#### Directions:
For the entries below, print exactly the lines between the line holding "المحدد إلى 100%." and the line holding "Щетка крацовка чашечная", inclusive, and nothing else.

#### Records to use:

○ ○ ○ ○ ○ ○ ○

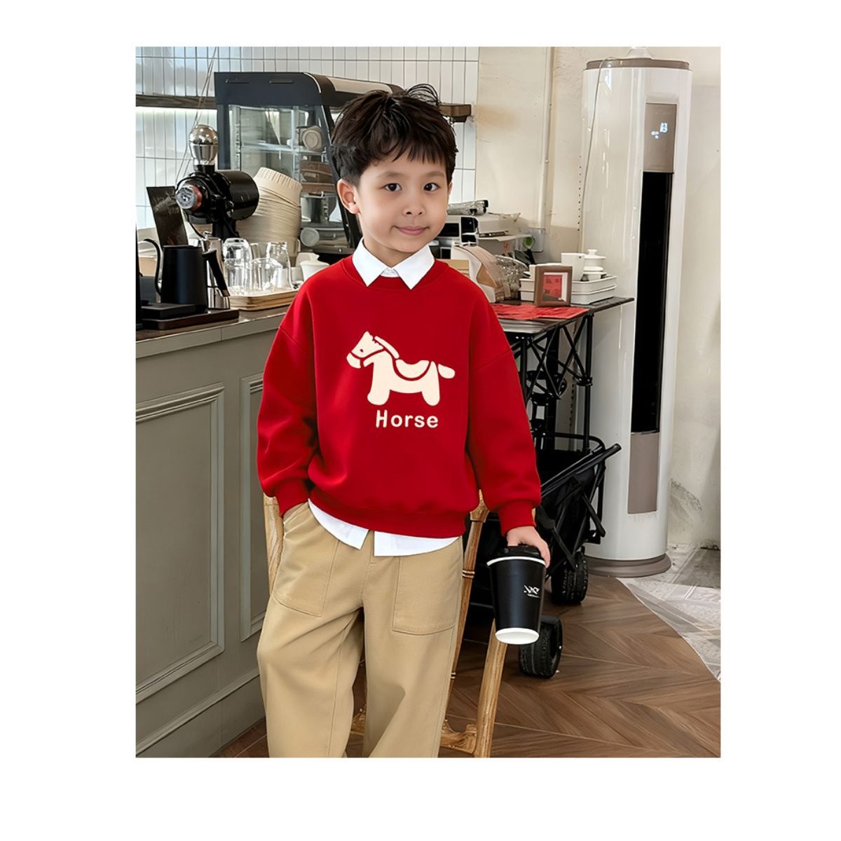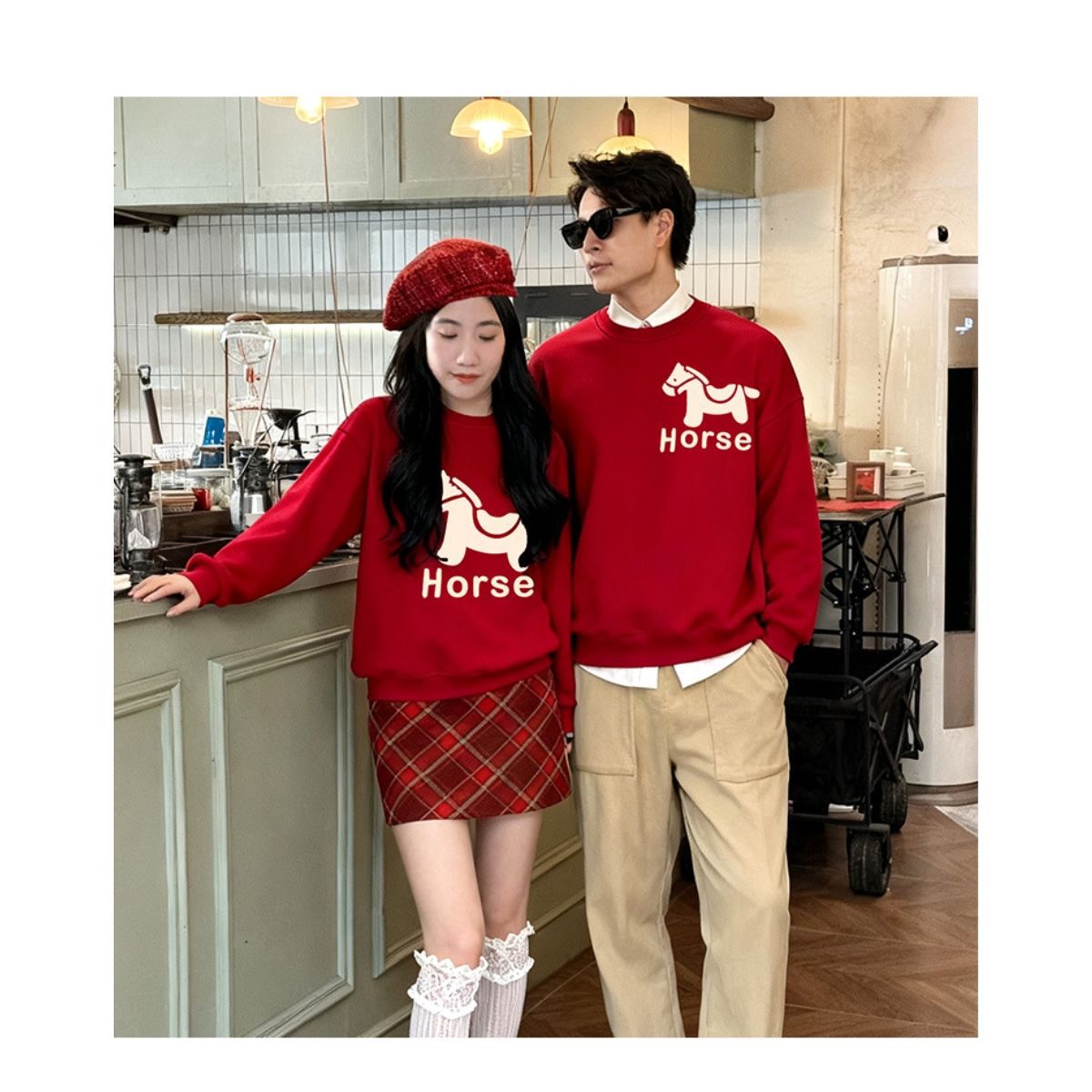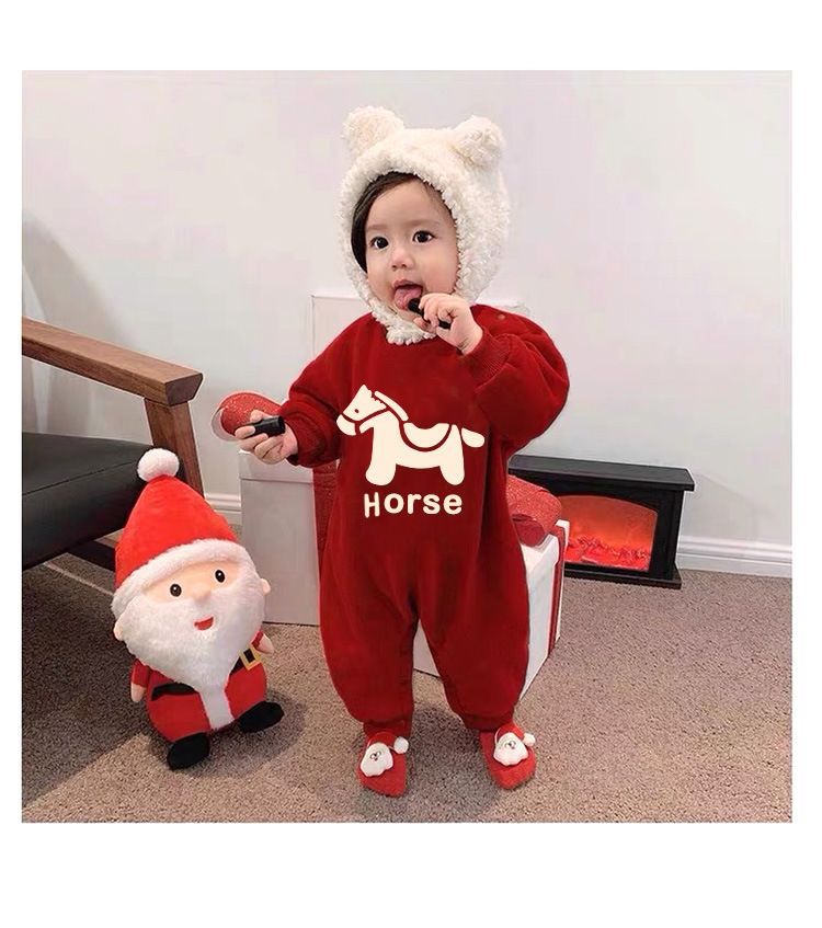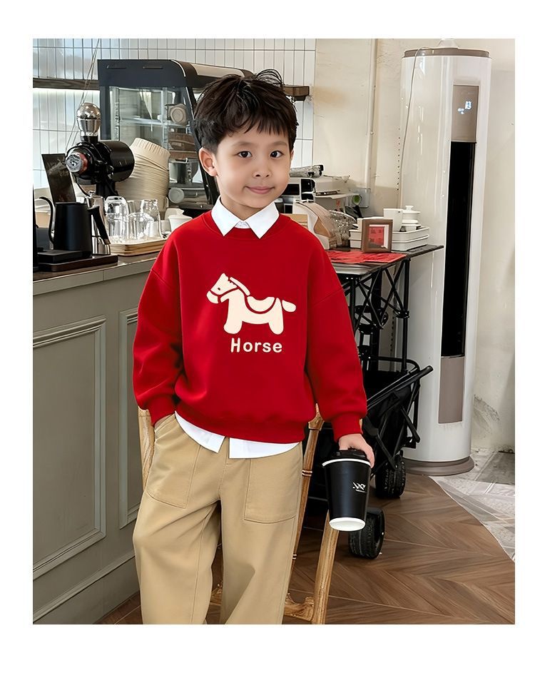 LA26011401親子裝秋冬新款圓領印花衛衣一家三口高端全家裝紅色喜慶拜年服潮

○ ○ ○ ○ ○ ○ ○

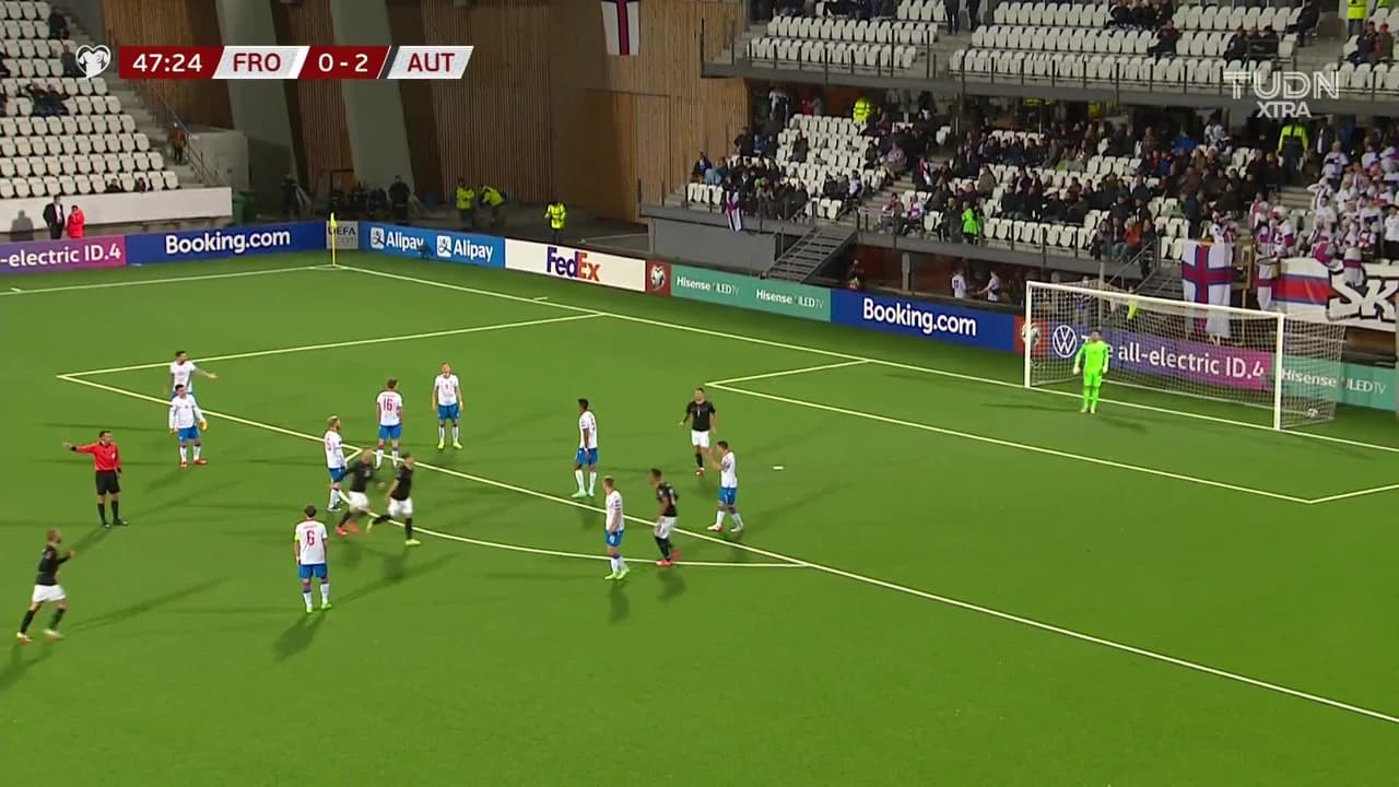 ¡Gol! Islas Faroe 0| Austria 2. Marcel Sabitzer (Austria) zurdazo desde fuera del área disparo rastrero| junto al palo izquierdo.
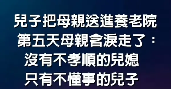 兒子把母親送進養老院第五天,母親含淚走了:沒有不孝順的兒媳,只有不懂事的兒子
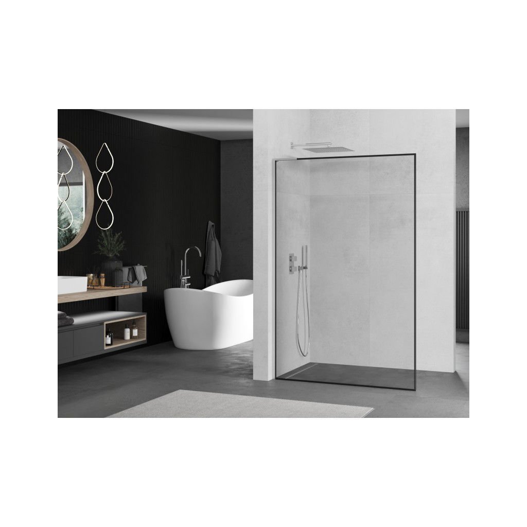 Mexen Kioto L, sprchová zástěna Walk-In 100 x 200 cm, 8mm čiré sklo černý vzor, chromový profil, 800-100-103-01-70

○ ○ ○ ○ ○ ○ ○

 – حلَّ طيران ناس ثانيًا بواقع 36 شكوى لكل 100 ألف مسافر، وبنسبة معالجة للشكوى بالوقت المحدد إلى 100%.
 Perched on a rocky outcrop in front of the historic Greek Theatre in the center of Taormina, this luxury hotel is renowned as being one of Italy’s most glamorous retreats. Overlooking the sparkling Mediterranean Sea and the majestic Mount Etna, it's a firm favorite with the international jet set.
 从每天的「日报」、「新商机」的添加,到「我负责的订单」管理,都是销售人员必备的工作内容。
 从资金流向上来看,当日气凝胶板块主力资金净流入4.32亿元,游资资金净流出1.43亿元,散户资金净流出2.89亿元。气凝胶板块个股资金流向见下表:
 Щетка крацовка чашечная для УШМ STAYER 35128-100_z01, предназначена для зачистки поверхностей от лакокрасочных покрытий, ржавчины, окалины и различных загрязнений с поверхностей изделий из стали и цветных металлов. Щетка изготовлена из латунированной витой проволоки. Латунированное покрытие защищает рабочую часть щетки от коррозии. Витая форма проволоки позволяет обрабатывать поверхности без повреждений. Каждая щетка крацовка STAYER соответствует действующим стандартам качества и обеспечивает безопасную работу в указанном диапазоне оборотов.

○ ○ ○ ○ ○ ○ ○

#### Your response:
 – حلَّ طيران ناس ثانيًا بواقع 36 شكوى لكل 100 ألف مسافر، وبنسبة معالجة للشكوى بالوقت المحدد إلى 100%.
 Perched on a rocky outcrop in front of the historic Greek Theatre in the center of Taormina, this luxury hotel is renowned as being one of Italy’s most glamorous retreats. Overlooking the sparkling Mediterranean Sea and the majestic Mount Etna, it's a firm favorite with the international jet set.
 从每天的「日报」、「新商机」的添加,到「我负责的订单」管理,都是销售人员必备的工作内容。
 从资金流向上来看,当日气凝胶板块主力资金净流入4.32亿元,游资资金净流出1.43亿元,散户资金净流出2.89亿元。气凝胶板块个股资金流向见下表:
 Щетка крацовка чашечная для УШМ STAYER 35128-100_z01, предназначена для зачистки поверхностей от лакокрасочных покрытий, ржавчины, окалины и различных загрязнений с поверхностей изделий из стали и цветных металлов. Щетка изготовлена из латунированной витой проволоки. Латунированное покрытие защищает рабочую часть щетки от коррозии. Витая форма проволоки позволяет обрабатывать поверхности без повреждений. Каждая щетка крацовка STAYER соответствует действующим стандартам качества и обеспечивает безопасную работу в указанном диапазоне оборотов.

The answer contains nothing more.